The researchers re-assessed the files of 72,461 women aged 67 to 94, who were diagnosed with breast cancer between 2000 and 2009. All were Medicare beneficiaries. Information was obtained and based on:

•  Association between MRI and surgical approach;

•  Breast-conserving surgery (BCS) versus mastectomy;

•  Bilateral versus unilateral mastectomy; and

•  Use of contralateral prophylactic mastectomy.

The findings reveal that 10.1 percent of the group received breast MRI and preoperative MRIs increased from 0.8 percent in 2000 to 2001 to 25.2 percent in 2008 to 2009. Researchers discovered that women who were administered an MRI were more likely to consequently undergo more aggressive surgical treatment.

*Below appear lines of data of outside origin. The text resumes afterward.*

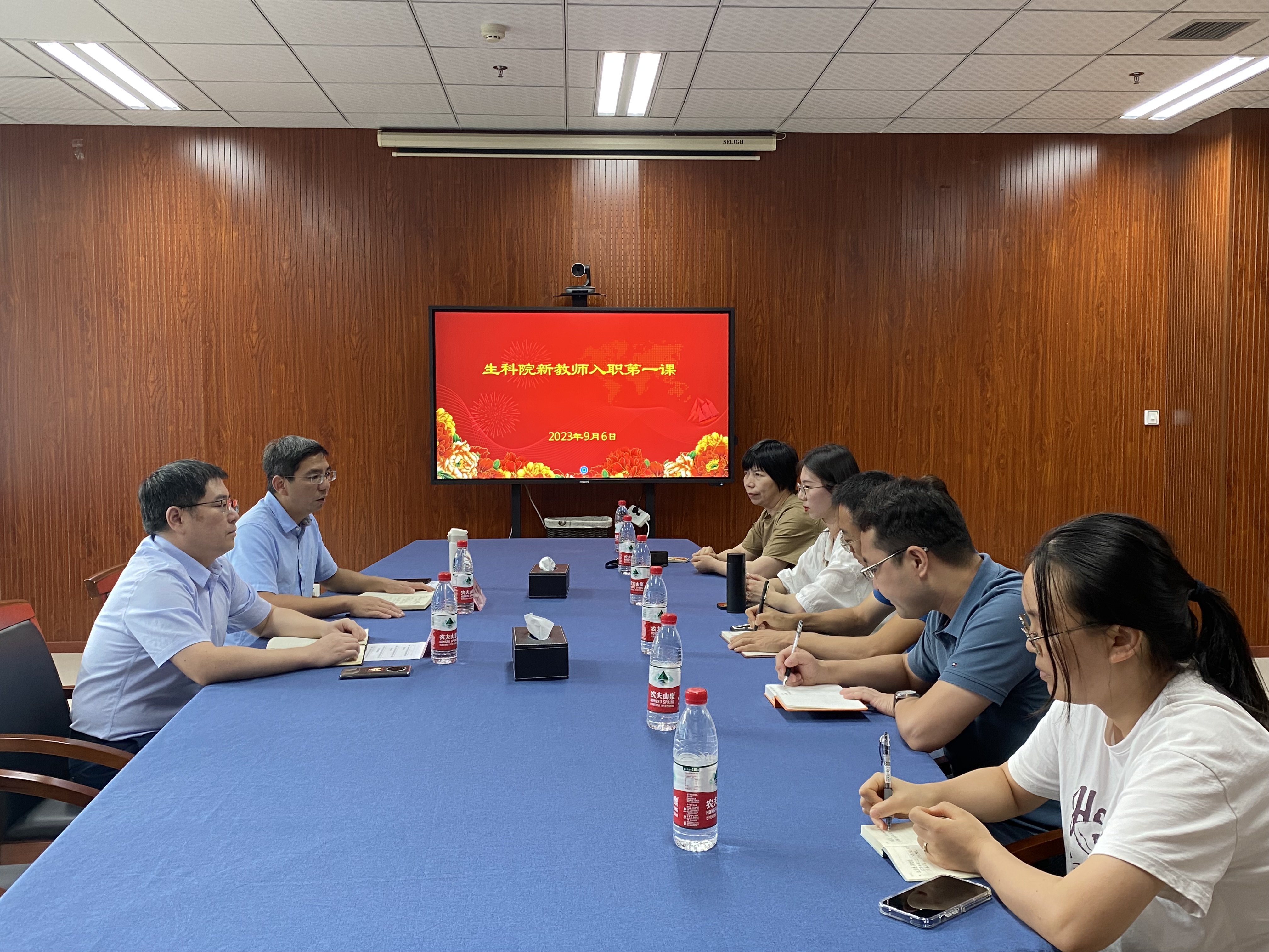 教好书,育好人。新学期伊始,生科院在慎园15-313召开新教师入职第一课。院长薛大伟、院党委书记张立明和全体新教师出席会议。
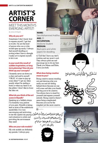 ARTIST’S CORNER MEET THIS MONTH’S EMERGING ARTIST! By Johara Al Mogbel
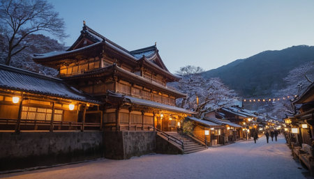 A serene Japanese village with traditional wooden buildings and tiled roofs covered in snow. Lanterns cast a warm glow on the street at dusk.
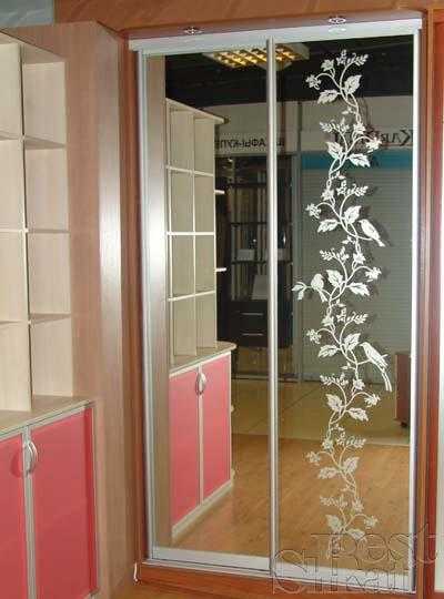Пескоструйный рисунок относится к направлению витражного искусства, которое развито уже достаточно давно. Суть этого метода состоит в нанесении рисунка на стеклянную плоскость дверей шкафов-купе с помощью струи воздуха с песком. Песок, царапая стекло, позволяет рисовать на его поверхности очень красивые рисунки, которые имеют великолепное свойство видоизменяться в зависимости от степени и направленности освещения.
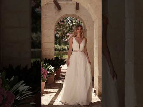 La robe Cressida est une création sublime alliant pureté, modernité et féminité assumée. Avec son décolleté profond et sa dentelle florale appliquée à la main, elle offre un équilibre parfait entre douceur et sensualité.
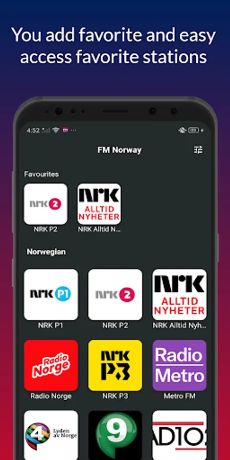 FM Norway brings together live music, news, and FM radio from around the country in one free app. You can quickly enjoy your favorite Norway radios in various categories.
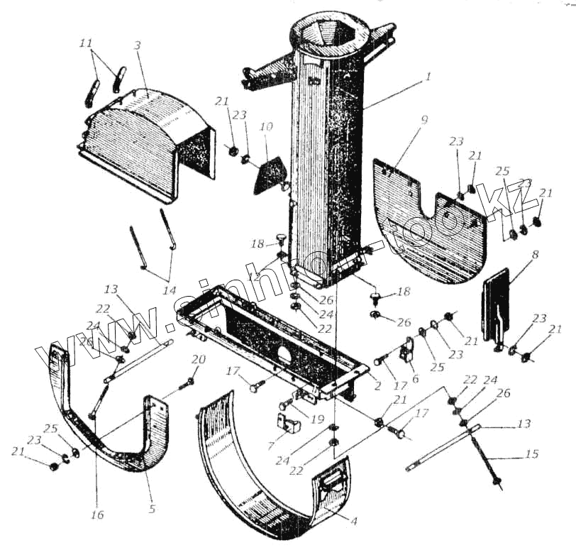 Каталог запасных частей к технике: Гомсельмаш КСК-100А. Швырялка. Каркас и основание силосопровода КИЛ 0102000
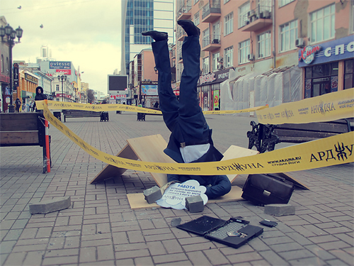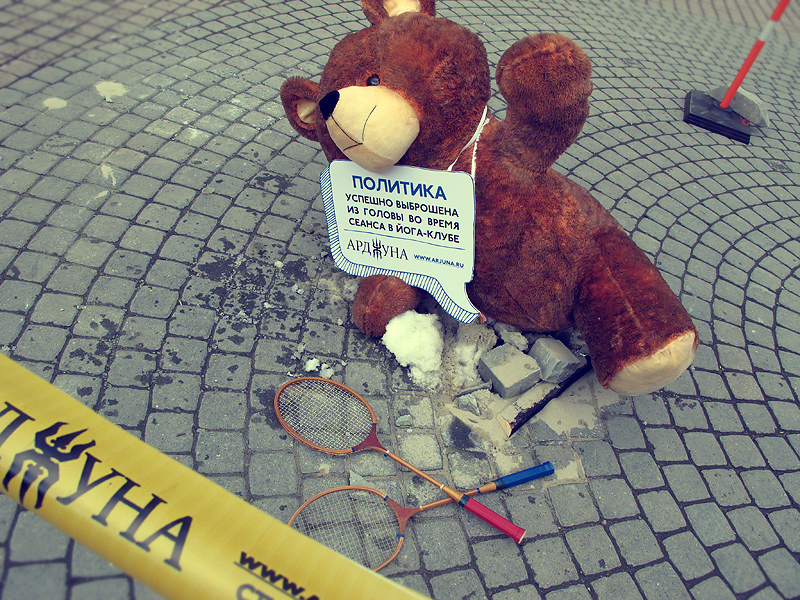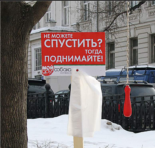 «Туалеты» - это акция для журнала «Мой друг собака», в рамках которой в Московских парках и на бульварах развешивались яркие унитазные цепочки для слива воды. Под ними были небольшие плакаты «Не можете спустить? Тогда поднимайте!». Там же были размещены пакеты для сбора собачьих экскрементов.

Among the women who had mastectomies, having received a preoperative MRI was notably linked with an increased probability of being diagnosed with bilateral cancer (9.7 percent) as opposed to women who did not undergo an MRI (3.7 percent). Women who received the MRIs were also more likely to have bilateral mastectomy (12.5 percent) as opposed to women who did not have an MRI (4.1 percent).

Furtehrmore, women who were administered MRIs were more likely to have a prophylactic mastectomy of the unaffected breast (6.9 percent) as opposed to women who did not have MRIs (1.8 percent).

"There has been no randomized controlled clinical trial demonstrating improved outcomes for women who undergo preoperative breast MRI at any age. Breast conserving therapy, when feasible, remains the preferred approach for women with early stage breast cancer,” said assistant professor of surgery at Yale and first author on the study, Brigid Killelea, MD.